The messages you’ve quoted really don’t sound angry at all. Please don’t dread bumping into these people. The one you quoted from WhatsApp just sounded like she wanted to clarify what the rules were you wanted her to follow (because it’s quite a subtle difference to understand she’s allowed to send you a text message but not a WhatsApp message).

Chingchok · 27/05/2018 09:24

I have had a similar experience. Stopped checking FB over Christmas and then deleted the app along with Messenger. Meaning that while I could log into Facebook via safari on my phone, I rarely did, and actually couldn’t read the messages without having the Messenger app. Haven’t deleted my account nor made any big announcement but several people are upset by it. I still use iMessage and WhatsApp and email, and have to consciously contact people.

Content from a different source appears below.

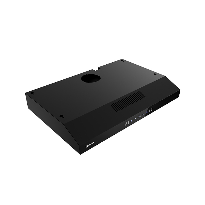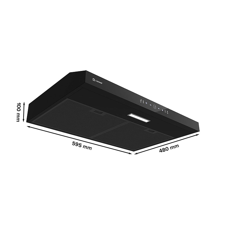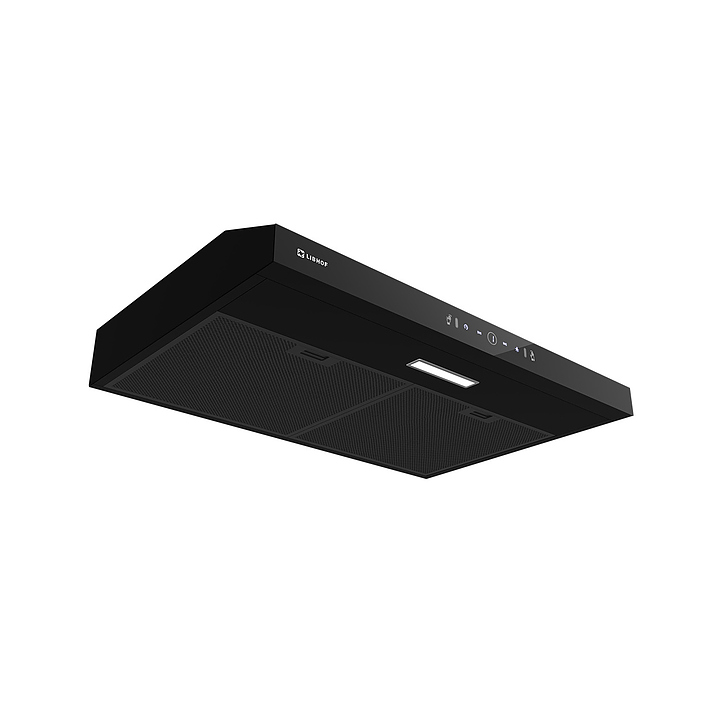 Подвесная кухонная вытяжка Libhof LF-3360 black предназначена для очистки воздуха от продуктов горения, копоти и запахов в процессе приготовления пищи путем принудительной вентиляции в домашних условиях. Модель оснащена двумя жироулавливающими фильтрами, вентилятором с электродвигателем, откидной крышкой, светодиодными светильниками, кабелем питания с вилкой, панелью управления с сенсорными клавишами и цифровым дисплеем индикации. Корпус выполнен из высококачественной стали с термостойким покрытием, жироулавливающий фильтр – из алюминия. В комплект поставки входят вытяжка в сборе, инструкция, комплект крепежа, обратный клапан. Особенности:

I also did it for my mental health, and because I wanted to leave several message groups that were becoming toxic to me. I am so much happier, have so much free headspace, and read books again during journeys or in the evening. My child was also very bothered by the fact that I have shared photos of him over the years, and I stopped that a long time ago. It’s hard sometimes because a lot of friends live so much through FB that they assume I know about things in their lives, when I don’t. It means making more of an effort to meet up physically. But it also means that it’s really hard to stay in touch with the dozens of friends i have all over the world (long term expat). But I focus more on close friends and family. There’s less passive catching up, it has to be active. Despite the negatives, I wouldn’t change it and don’t want to go back. But like you, I was surprised at the depth of feeling. Like we haven’t rejected FB, but have rejected our friends.